Dataset excerpt -
★ ★ ★

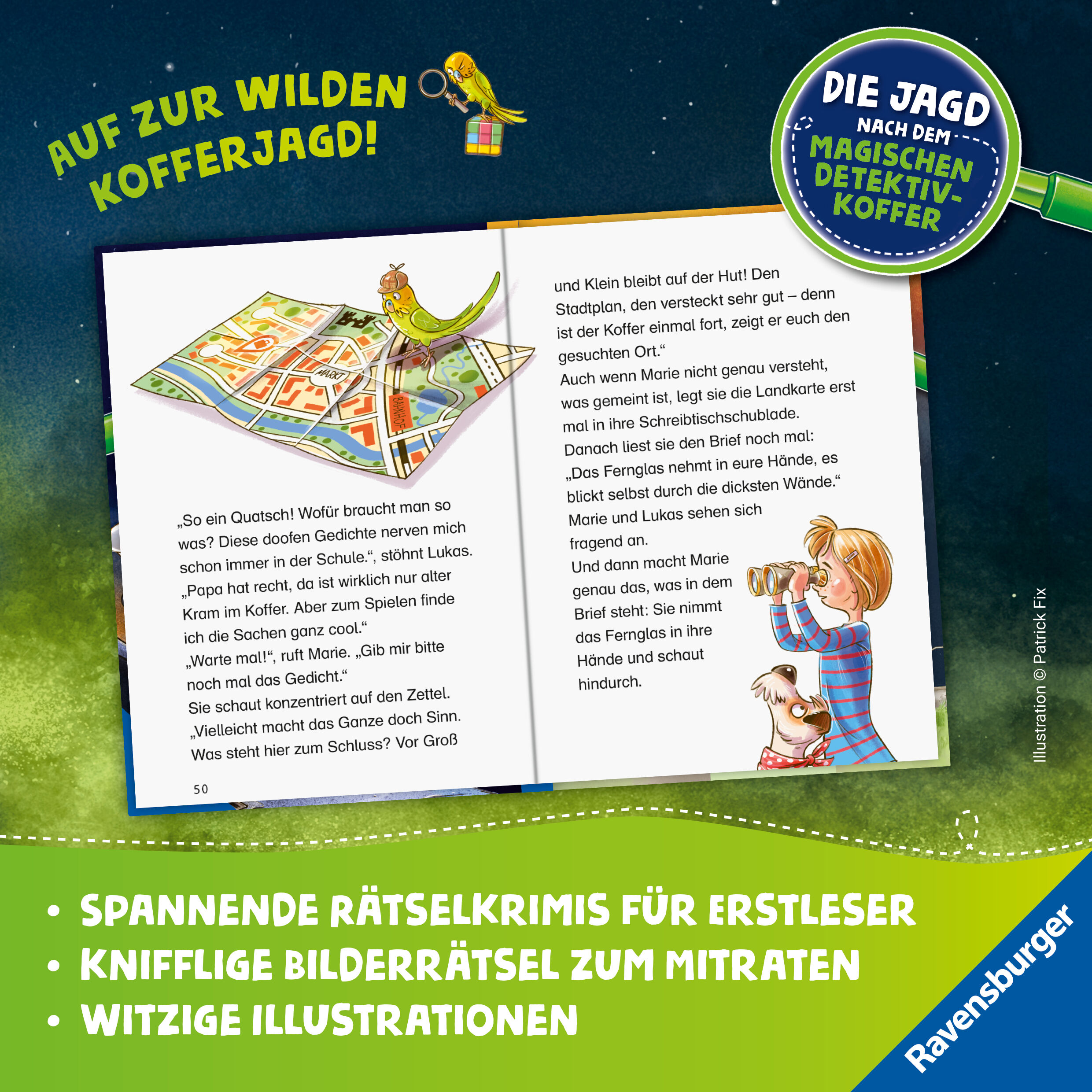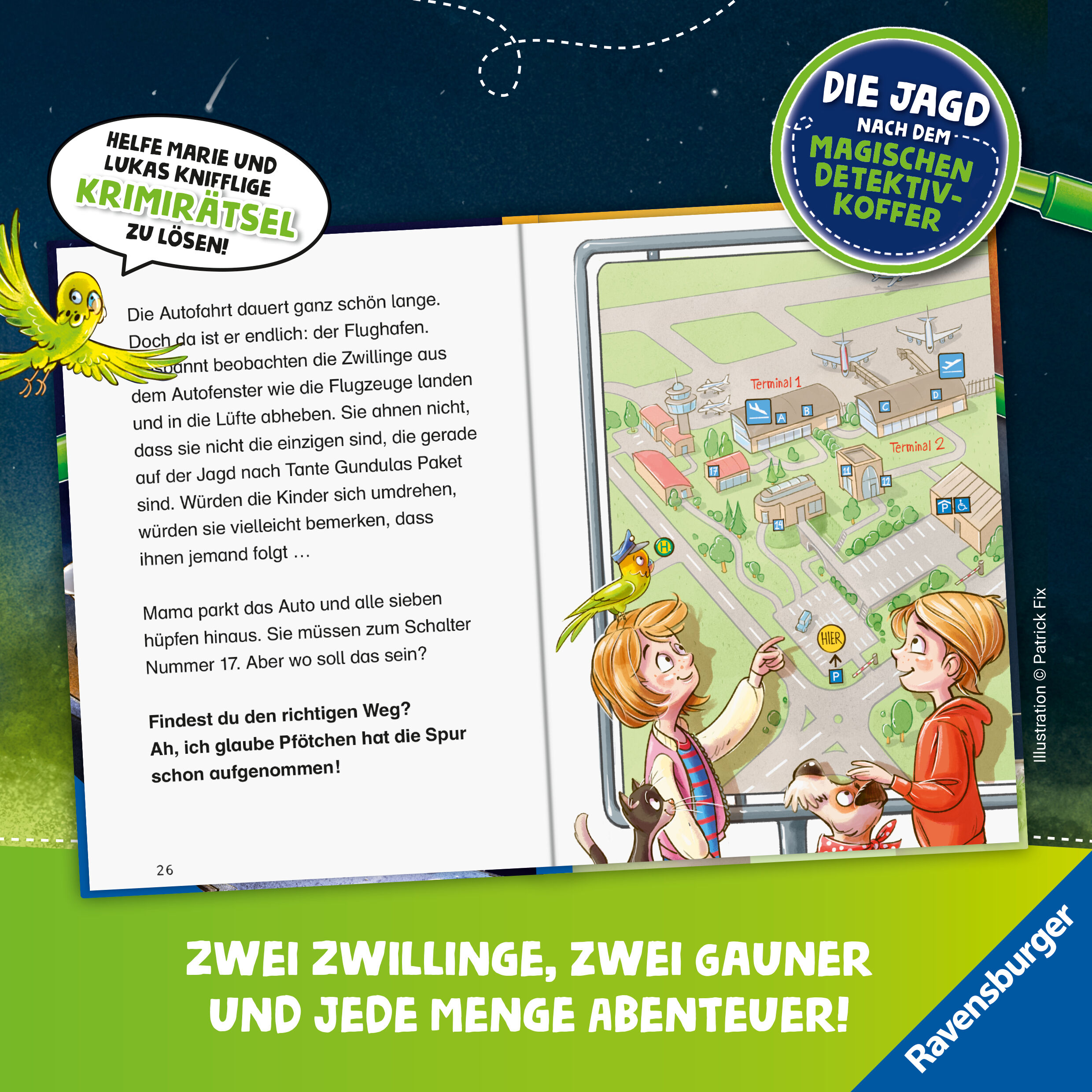 Auf zur wilden Kofferjagd! Überraschung! Zu ihrem siebten Geburtstag bekommen die Zwillinge Lukas und Marie einen geheimnisvollen Koffer geschenkt. Darin enthalten ist alles, was richtige Detektive brauchen: eine Lupe, ein Fernglas, ein Stadtplan und vieles me...
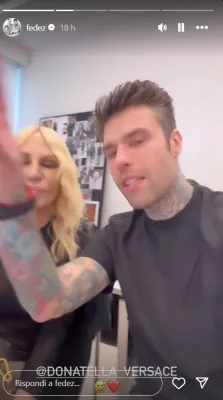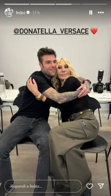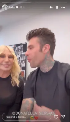 Ieri pomeriggio Fedez è andato a trovare Donatella Versace, carissima amica sia sua che della moglie Chiara per farle compagnia durante le prove e gli ultimi preparativi della sfilata in vista della Milano Fashon Week. Va detto che la stilista nell'ultimo periodo, in particolare dopo il pandoro gate si è molto avvicinata a Fedez, tanto da ospitarlo anche per una cena dog friendly con la sua cagnolina Paloma. I bambini la chiamano zia ed è lei a vestirlo in tutti gli eventi importanti. Anche nell'ultima occasione l'ironia tra i due non è mancata come testimoniano le stories postate dal rapper che si è proposto di realizzare un look per la sfilata aiutando Donatella nella scelta degli accessori. Lei ha acconsentito ma con riserva: “non ti garantisco che andrà in pedana”. Tutti si chiedono se stanno collaborando a una linea magari firmata proprio dall'artista.
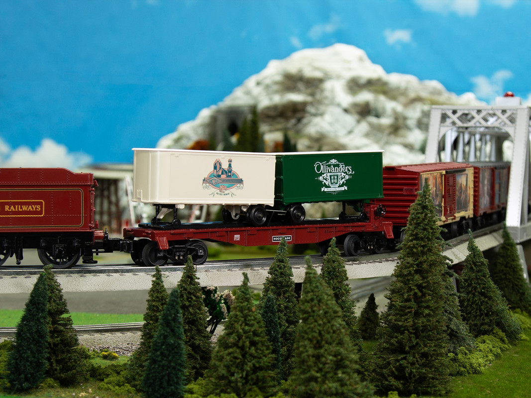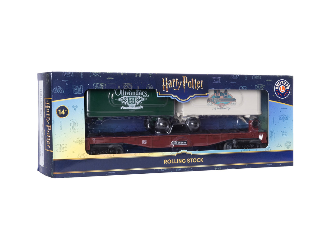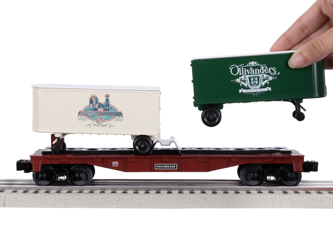 This is a Lionel 2528560 O Harry Potter Hogsmeade Flatcar with Piggyback Trailer. FLATCAR WITH PIGGYBACK TRAILERS FEATURES: Die-cast metal sprung trucks. Operating couplers. Two removable trailers on flatcar.
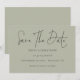 Grönten Spara Bleken för minimal skriptöverföring sparar datumet. Enkel elegans med Spara datum i ett modernt set skript.Resten av texten som du enkelt kan anpassa.Visar här i svart på mjuk grönt Sidera, men färgen text och bakgrund kan ändras om du vill genom att anpassa ytterligare alternativ.

★ ★ ★

Problem -
In the data above, find the line containing "Ieri pomeriggio Fedez" and the line containing "This is a Lionel". Copy exactly the stretch from the first through the second, both included, leaving out any picture.

Task solution -
 Ieri pomeriggio Fedez è andato a trovare Donatella Versace, carissima amica sia sua che della moglie Chiara per farle compagnia durante le prove e gli ultimi preparativi della sfilata in vista della Milano Fashon Week. Va detto che la stilista nell'ultimo periodo, in particolare dopo il pandoro gate si è molto avvicinata a Fedez, tanto da ospitarlo anche per una cena dog friendly con la sua cagnolina Paloma. I bambini la chiamano zia ed è lei a vestirlo in tutti gli eventi importanti. Anche nell'ultima occasione l'ironia tra i due non è mancata come testimoniano le stories postate dal rapper che si è proposto di realizzare un look per la sfilata aiutando Donatella nella scelta degli accessori. Lei ha acconsentito ma con riserva: “non ti garantisco che andrà in pedana”. Tutti si chiedono se stanno collaborando a una linea magari firmata proprio dall'artista.
 This is a Lionel 2528560 O Harry Potter Hogsmeade Flatcar with Piggyback Trailer. FLATCAR WITH PIGGYBACK TRAILERS FEATURES: Die-cast metal sprung trucks. Operating couplers. Two removable trailers on flatcar.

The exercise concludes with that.